Right now it feels so good to say that. I am just realizing....no accepting.. I am gay. I ignored it for a long time. I know I am going to come down again. I know I will regret this post tomorrow- because I am on that roller coaster ride of coming out. Anyone else go through this?
Hell. Yeah. I've gone through it. But the important thing is that you made another step forward. Even if you will regret this post. Congratulations.
Coming out is definitely a roller-coaster! But enjoy the hoghs, they're great. Congrats on finding acceptance in yourself.
Lots of us go through it. You are not alone. I sure know I've had my up's and downs and it has gotten easier over time. But in those low moments I sure did feel alone like nobody understood what I was going through. just remember to keep your head up through the storm. You've made a big step in being here and it's worthy of an applause and congratulations. We're here if you ever need us.
Once you're at the point of being able to admit it, your shame will be so much less. It happened with me
Congrats on accepting yourself findingjoy!! As I've said earlier, you're making such brave steps!! I totally understand the ups and downs, I've been there. The bright side is, the more steps you make, the more confident you become and the low points feel a bit more manageable. You are doing so well!!

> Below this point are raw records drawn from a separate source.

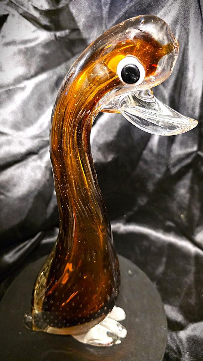 Look closer and you’ll notice delicate, suspended bubbles rising through the body—an intentional decorative effect known as bullicante, prized for the sense of depth and life it brings to art glass. The applied eyes and softly shaped beak are hallmarks of skilled hand craftsmanship, while the smooth transitions between amber and clear glass reflect the influence of classic Murano-style and Venetian glass traditions, popularized during the mid-century modern era.
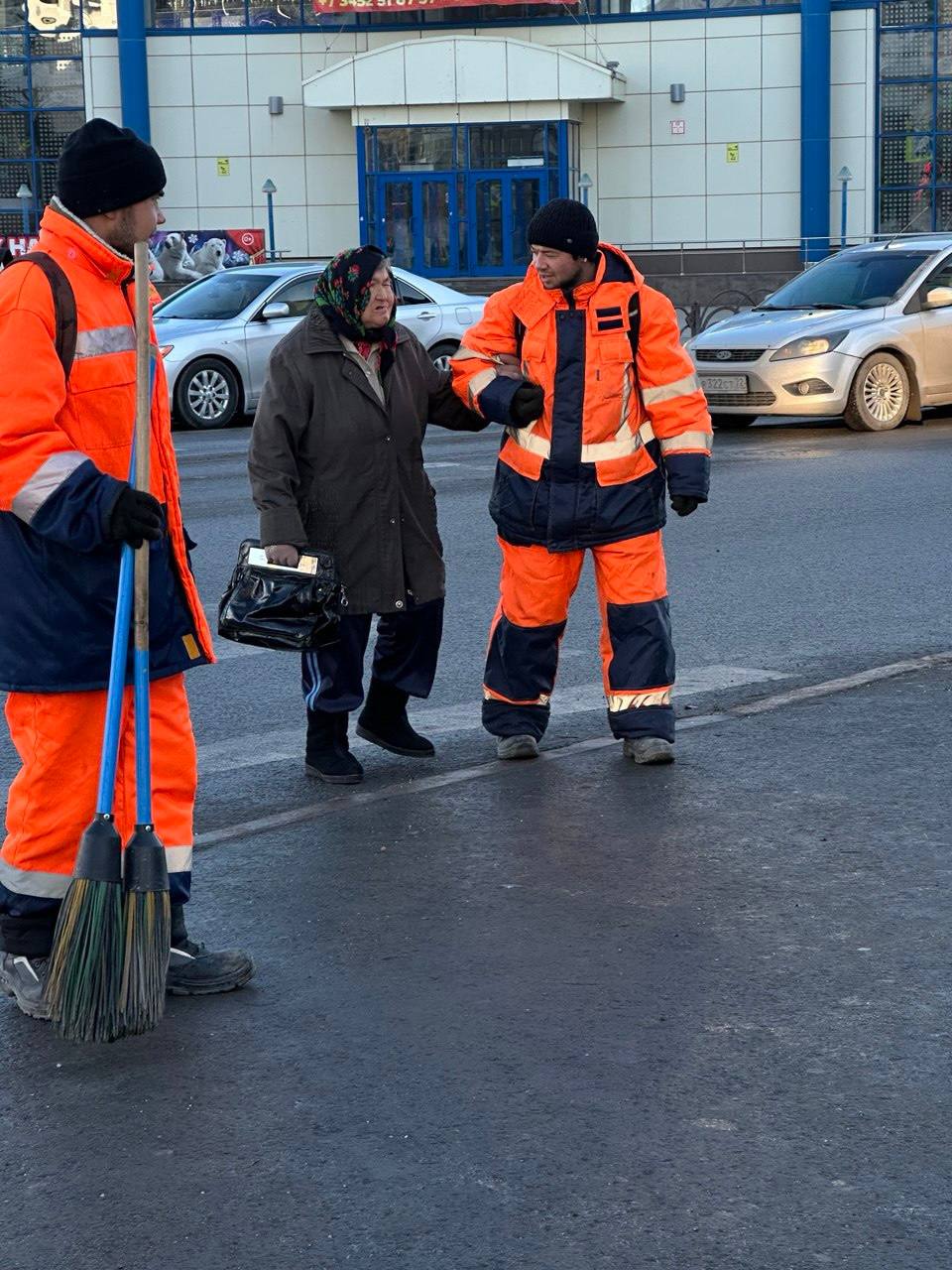 В Тюмени около цирка дорожные рабочие помогли пенсионерке перейти дорогу —
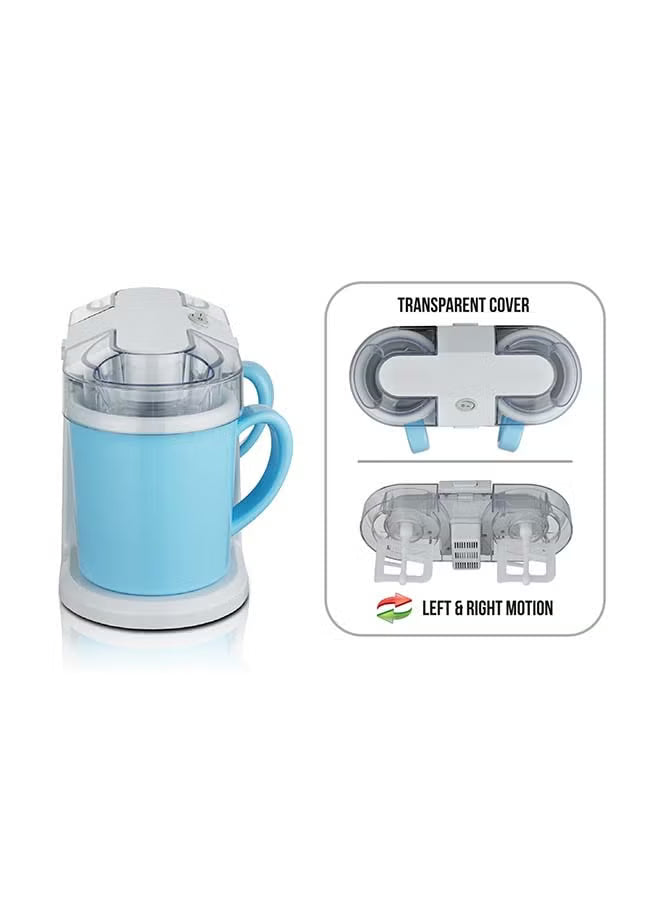 | Description | Compact ice cream maker with stainless steel housing, quick-freeze cups, copper motor, and reversible motion for making ice cream, sorbet, and frozen yoghurt easily at home. |

Yeah, yup! A lot of us went through this. Loving the gay, being unsure it was actually real, hating it and feeling yucky for being so happy about it. Just keep going through the motions, you'll come out feeling as you do now, but all the time.
Thanks so much! I came back here wanting to quit this again, and yes i feel down now and was fighting it all day... "I know I am going to come down again. I know I will regret this post tomorrow- because I am on that roller coaster ride of coming out."But i noticed I didn't write "i did this and I will regret it" I wrote that I am on the way to coming out I wouldn't have noticed that if I didn't read your post. I am still confused.. but each time it's little less confusing...except when it's more confusing Yeah this right now!! then hating it and feeling yucky. I am there right now... Every time I come here wanting to post "I think this was a mistake" I read something like this and all the excuses I make come crashing down. of course that leaves me more confused! All I can say right now is every day is different than the other and I feel like I am going somewhere.. is it to totally accepting and being gay? Right now I don't know.
First of all, congrats on accepting who you are. Took me a while too. Saying it out loud does help though. Also, I have been waiting a long time for this: Hi Gay. I'm Dad. I'm sorry.
I feel totally like this. everyday is different. exciting. scary. I know I'm gay. emotionally it is difficult. especially because of various influences.
Congratulations! I know what you mean about a roller coaster! And also about knowing, but not accepting.
exactly. I know I am gay, but I can't accept it, but right now I want to just to be gay. It doesn't make any sense.